I first heard of St. Vincent when I ran across David Byrne‘s song “Who“, on which she is featured. I distinctly remember it being played over the loudspeaker at the 2012 Chicago Marathon before the race began. Unique sound. She’s been a busy musician since about 2007, and I admit, I’m usually pretty late on the uptake with great artists who aren’t hugely in the public eye.
The next time I saw her was on SNL performing Digital Witness“. That hair. That stance. That staging. The subtle digs to Lady Gaga I may be the only one to see. I was hooked.
Apparently her live shows are something to see, which surprises no one. Her recent Chicago show, coincidentally (perhaps?) happened at the same time as the much applauded David Bowie exhibit at the Museum of Contemporary Art in Chicago. Although Bowie‘s influence can clearly be seen in many artists, the comparisons between him and St. Vincent have been consistent, and with reason, stylistically. Her music has been described frequently as defying genre classification and carrying a wide array of influences. Her material can be quite sexual, which I suppose is only really notable because she’s a woman expressing this freely which is still looked down upon for some reason- but this aspect is not revealed in St. Vincent‘s physical presentation; it’s in the writing, the voice, the tone.

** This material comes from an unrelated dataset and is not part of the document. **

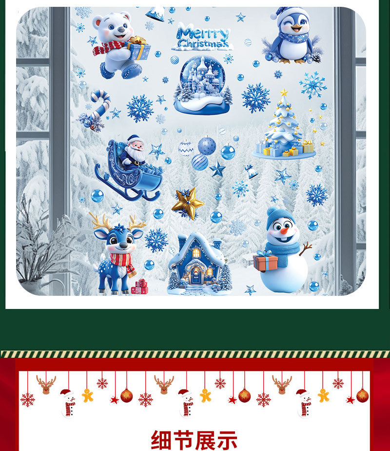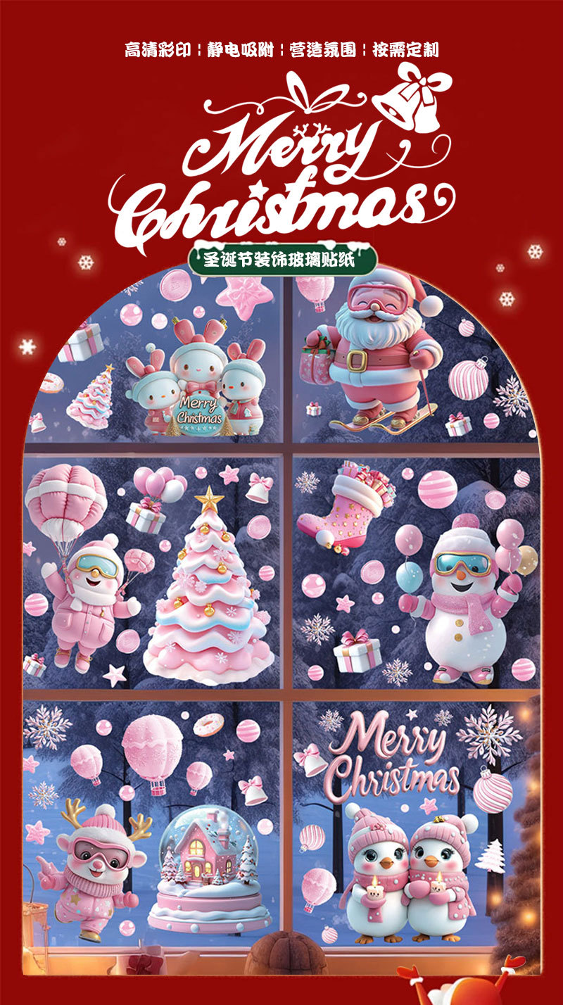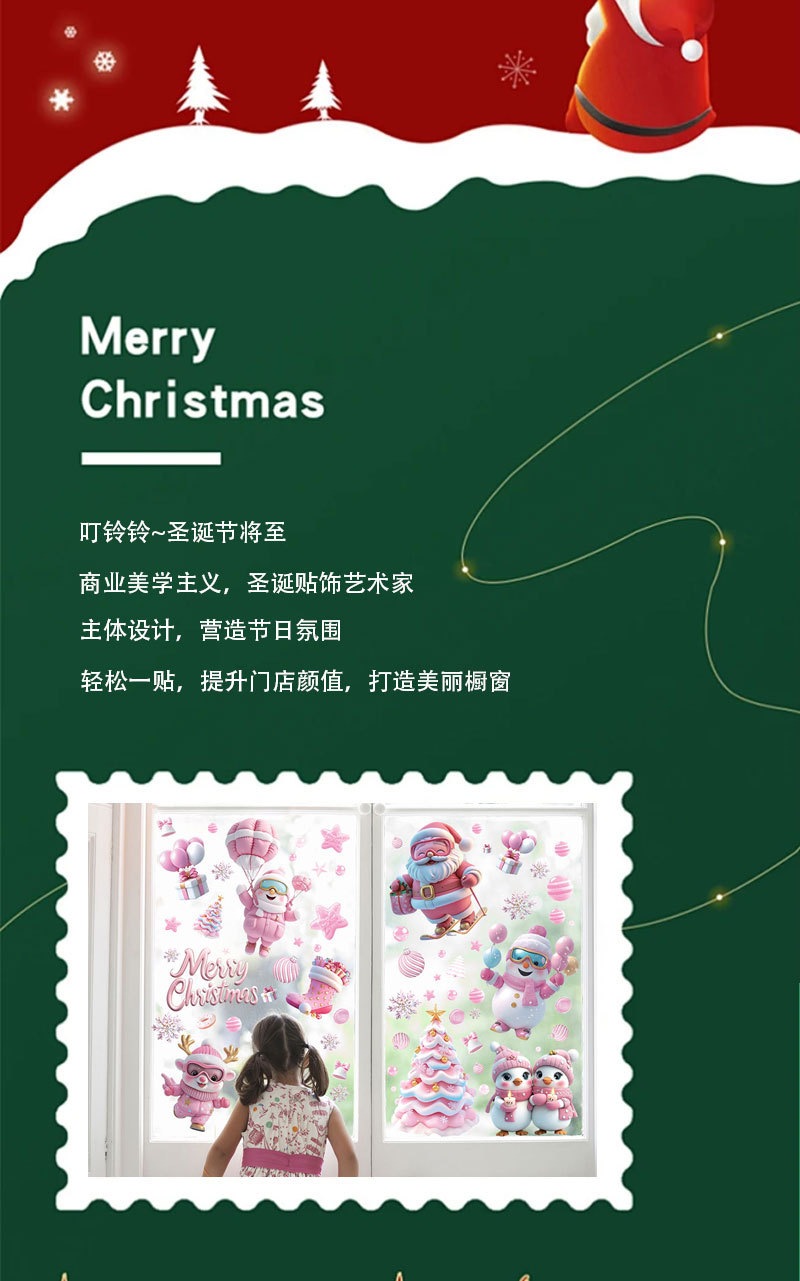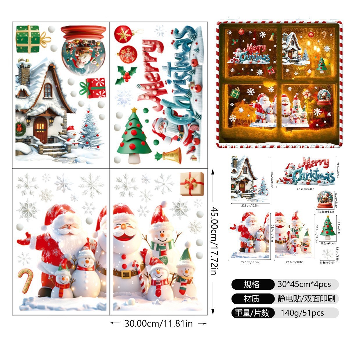 新款跨境圣诞节装饰布置玻璃静电贴纸圣诞老人雪花窗贴雪人玻璃贴

To give a quick background: St. Vincent‘s given name is Annie Clark. She was born in Oklahoma, grew up in Texas, and has been studying music since her youth. She has four pretty critically acclaimed albums out, is currently on tour, and was just nominated for a Grammy. If she and Jack White bump in to each other at the ceremony and fall in love I may explode from joy.
It’s always nice to see a multi-talented female artist being appreciated for her abilities, individuality and performing chops rather than just her sexual appeal to the masses. Once again, I’m wishing I’d gotten on this bandwagon years ago, but better late than never.